To find that soldiers remain within the jurisdiction of the UK when sent abroad to serve would have accorded with five explicit statements to that effect by Strasbourg. It would have accorded with a Council of Ministers recommendation implementing the Convention to which the UK signed up just a few days prior to the hearing. It is well established that rights are modified in the military context and moreover, that States can derogate from the Convention in times of ‘war’. For the last two years soldiers have been entitled to human rights protection following the judgments of the High Court and Court of Appeal. There is no evidence to suggest that it has in any way hampered military operations and to have upheld that position would not have resulted in any change.   To reverse the position and hold that soldiers do not have rights at all off-base is a major and significant change; one that is likely to cause distress to our servicemen and women.  Moreover, it sets a dangerous precedent for certain countries in the Council of Europe that treat their soldiers very badly indeed. 
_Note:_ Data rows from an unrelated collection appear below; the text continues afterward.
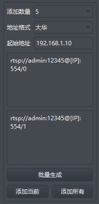 轮询表信息可以通过已添加的摄像机信息表选中添加,也可以自定义规则批量生成视频流地址添加,这种应用场景非常多,比如现场是某一种品牌的摄像机,视频流格式固定,只需要设置好主码流子码流的视频流格式,便可批量生成。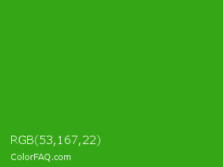 RGB 53,167,22 Color is a normal green color and the nearest color is Slimy Green #299617. Hex code #35a716 and RGB value is rgb(53,167,22). In RGB color space, this color is composed of 21% red, 65% green, 9% blue, In CMYK color space, this color is composed of 68% cyan, 0% magenta, 87% yellow , 35% black , In HSL color space, this color has a hue angle of 107° , 77% saturation and 37% lightness.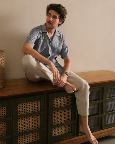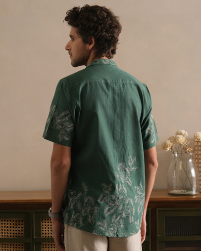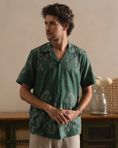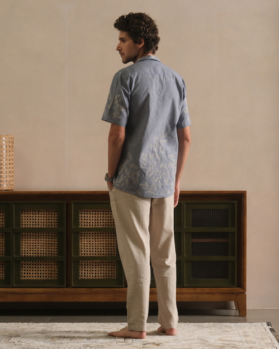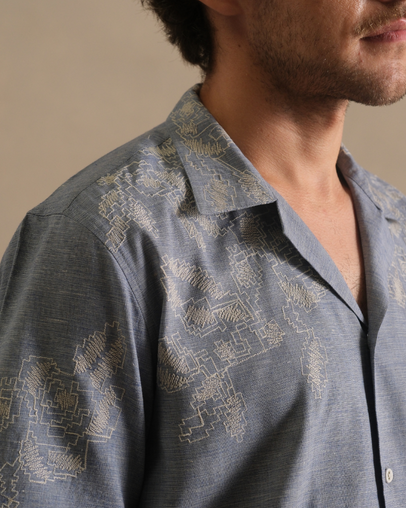 Crafted from premium cotton and adorned with delicate contemporary embroidery, this shirt exemplifies refined sophistication. The intricate motifs harmonize modern design aesthetics with artisanal precision, offering a lightweight, breathable, and effortlessly elegant choice for both casual and semi-formal occasions.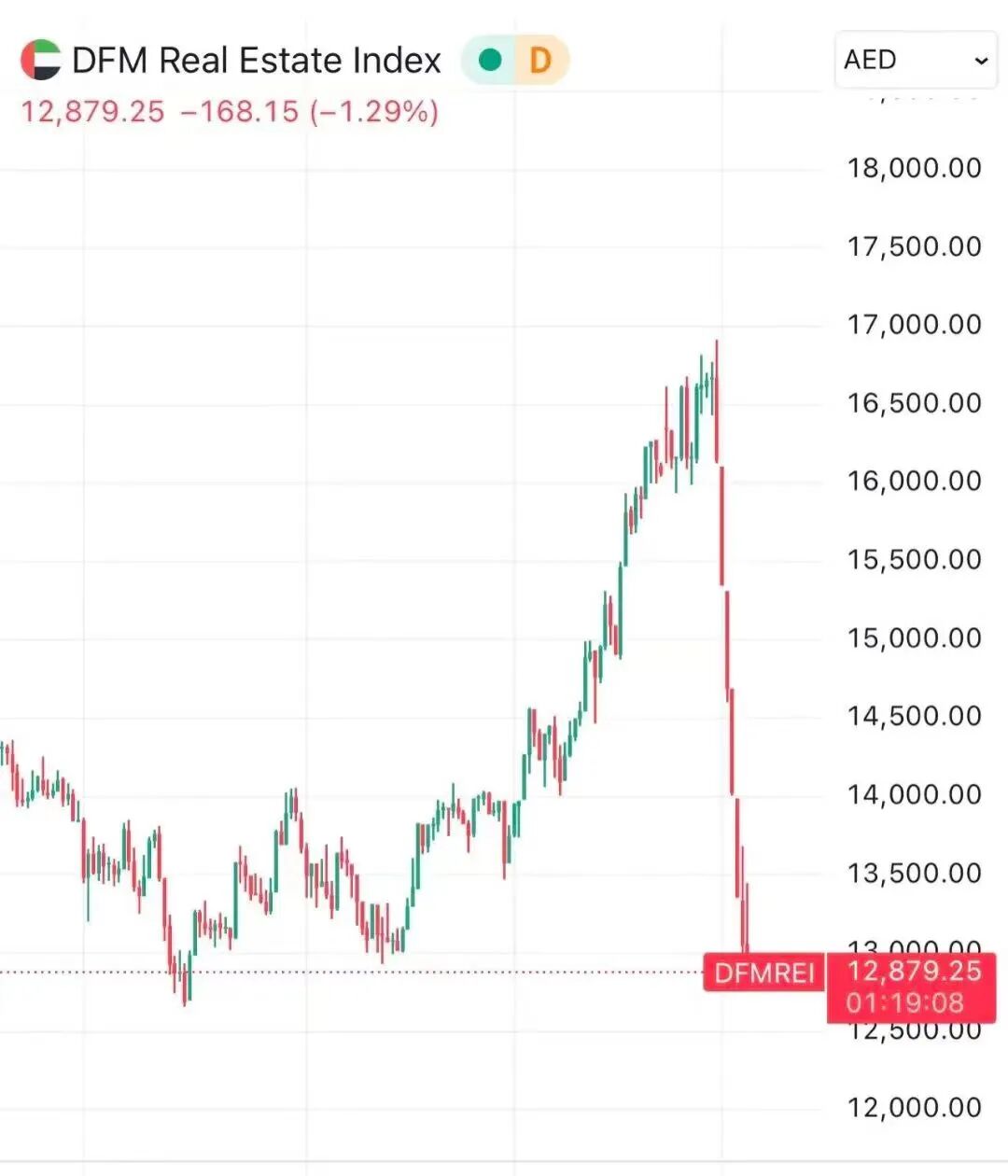 短短十多天内,迪拜房地产指数(DFMRE)已经暴跌31.8%,从2月底的16900点高位垂直跳水至11864点,完全抹去了2025年全年的涨幅,房产过户注册数也从日均800余套暴跌至23套,跌幅达97%。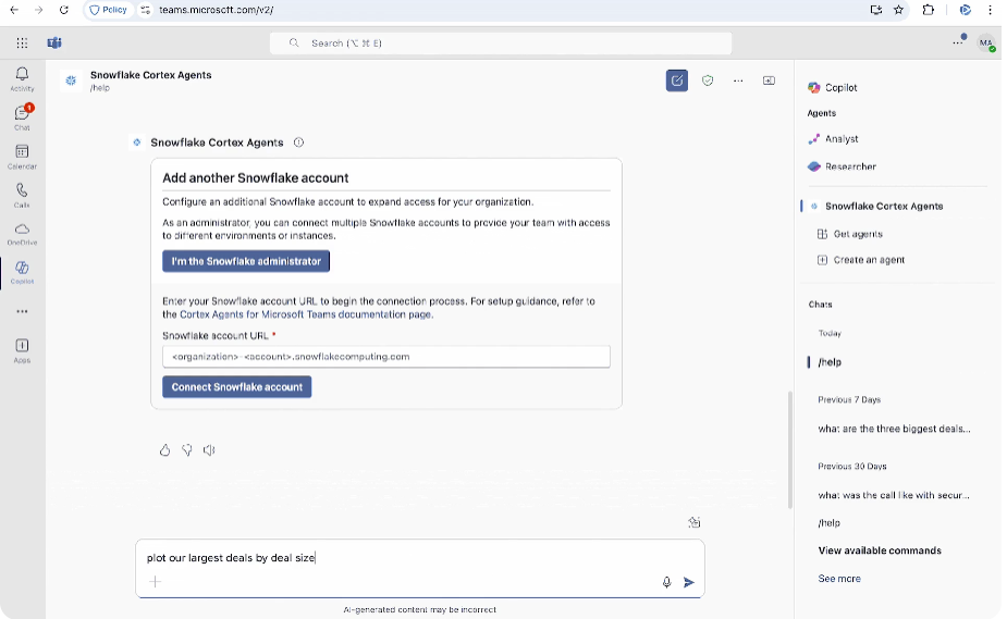 无论你是数据科学家、营销经理还是企业高管,最实用的莫过于那些“能帮你高效工作、少走弯路”的易用工具。在日常工作中借助 AI,不仅能为你带来明显优势,还能助力你形成有价值的见解,从而更快地推动事情取得进展。我们为 Microsoft 365 Copilot and Microsoft Teams 打造的 Snowflake Cortex Agents,正是为了帮助客户实现这一目标。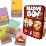Our RVFTA Facebook group gave this game several shout outs, so it’s been on our wish list. Then we actually saw a family playing it as we walked through the airport last week. Serious Sushi Go FOMO happening over here.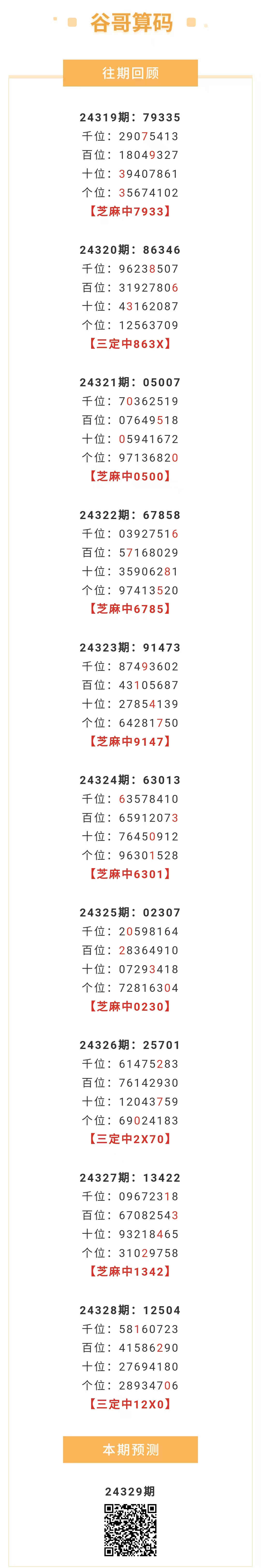 【排列五-329期】本月圈中5次芝麻,芝麻近10中7;上期三定中12X0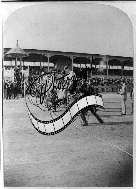L.A.W. Bicycle Race,The Start,c1890,Men Racing on Track,Spectators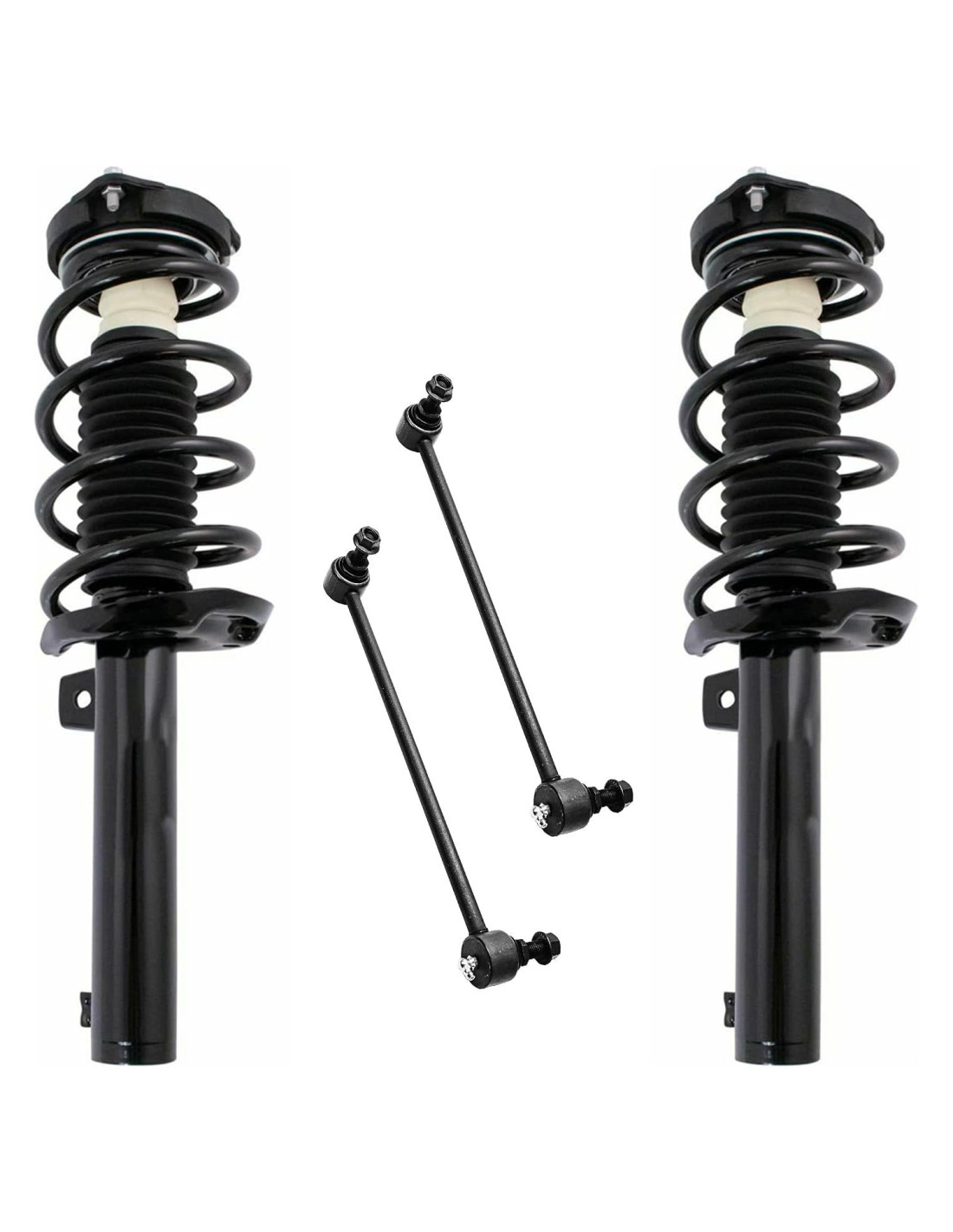 - El kit de suspensión incluye: 2x estribos delanteros con ensamblaje de resorte de bobina + 2x enlaces de barra estabilizadora delantera
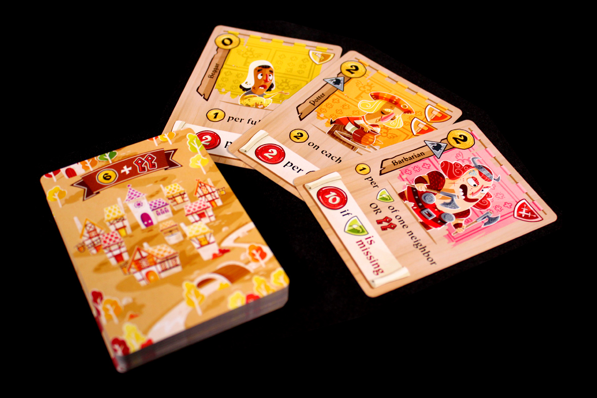 I wouldn’t say many, since it’s another drafting game, but the double-row draft changes things a bit by causing a weird skip effect, here. Generally, the Messenger Pawn tends to bounce from one row to another every turn. This usefully means that in a three player game, you’d get Castle, P2 gets Village, P3 gets Castle, and you get Village next round (ideally; your exact cadence may vary). This also means with an even number of players, you get a symmetrical bouncing effect so you tend to stay in one place (again, this is relative; you may not see a lot of cards that change the Messenger Pawn’s location or you may even just not take them). Given that this has a very imprecise chance of happening based on player count, I can’t say I have a strong preference; it’s just something to watch out for no matter how many players you’re playing with.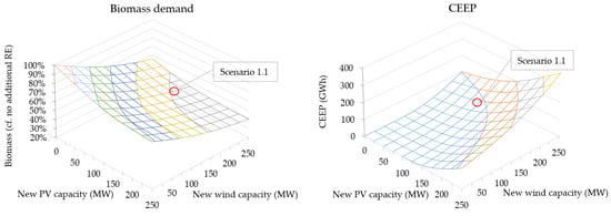 Based on [32], the sensitivity study allowed for evaluating the impact of fluctuations of certain parameters on the outcome in a system, such as the energy system model. In the context of this study, the parameters were additional PV and wind capacity to minimize uncertainty of their contribution to the sustainability of the energy system. The capacities varied between 0 and 250 MW in eleven steps of additional capacity each, presented in 3D surface diagrams of 121 possible combinations. Besides the scenario targets in biomass, CEEP and costs, the following key performance indicators (KPIs) were added to evaluate the results of the sensitivity studies and complete the sociotechnical analysis: RE share of primary energy supply (PES) and electricity supply, sustainable share (not including biomass-based electricity) of electricity, CO2 emissions, total and peak electricity demand.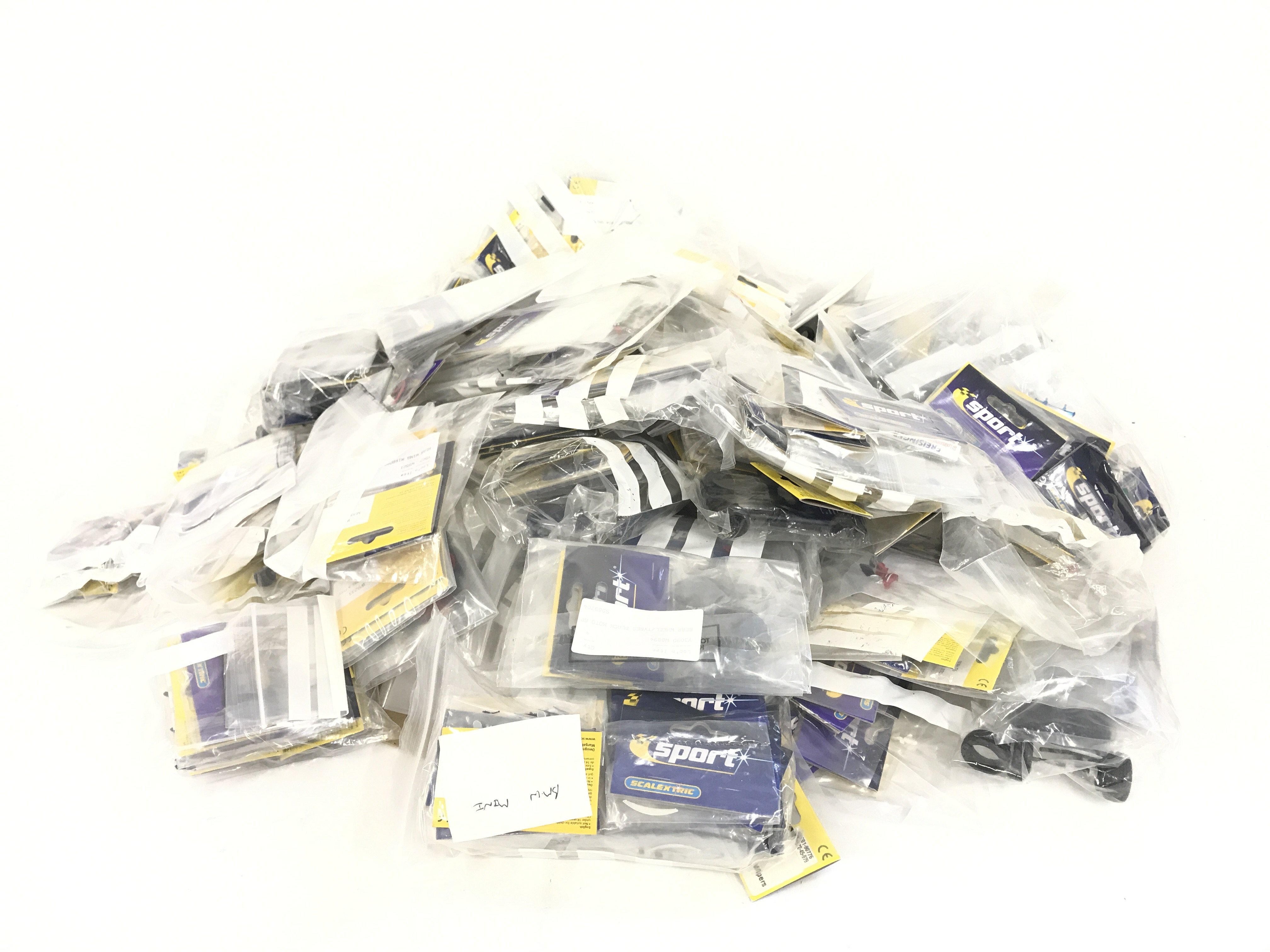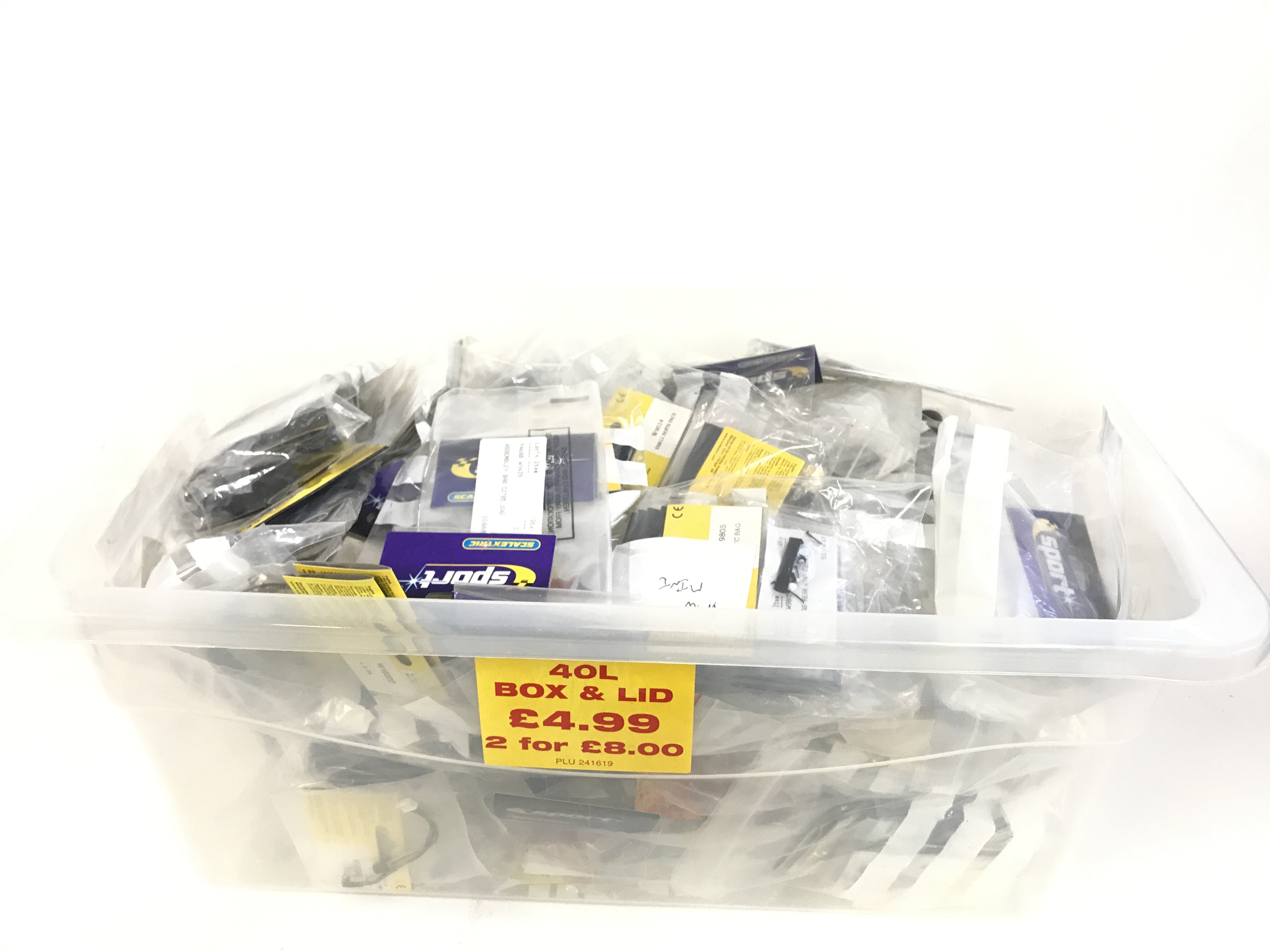 A box containing a large quantity of spare Scalextric parts. Mostly bagged and new. No reserve.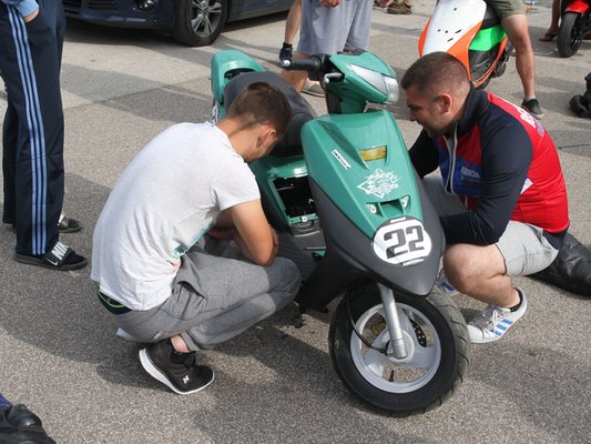 Egyre hosszabb a sor a gépátvételnél, robogót már kellett megbontani - a Szkaliczki Team Yamaha Jogja lett gyanús, de az idomokat leszedve kiderült, hogy minden rendben. A ruhák terén viszont kellett visszadobni - egy csizmát és két bukósisakot alkalmatlannak minősítettek a versenyre.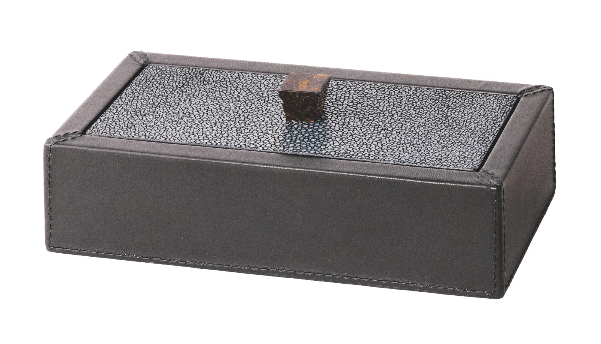 Leather covered wood structure with bronzite / lapis lazuli / malachite knob: natural, semi-precious stones. Each stone is different from the others. Removable lid.

I fear that our brave servicemen and women will continue to be treated as second class citizens until this injustice is rectified by Strasbourg.  We may make a fuss about how much we admire our armed forces, provide a Military Covenant which has no basis in law (and then breach it) even create an Armed Forces Day when we can pat them on the back and tell them how much we admire them, but until we are willing to give our good intentions some legal basis our soldiers will continue to die from inadequate equipment and in other circumstances which are entirely avoidable.”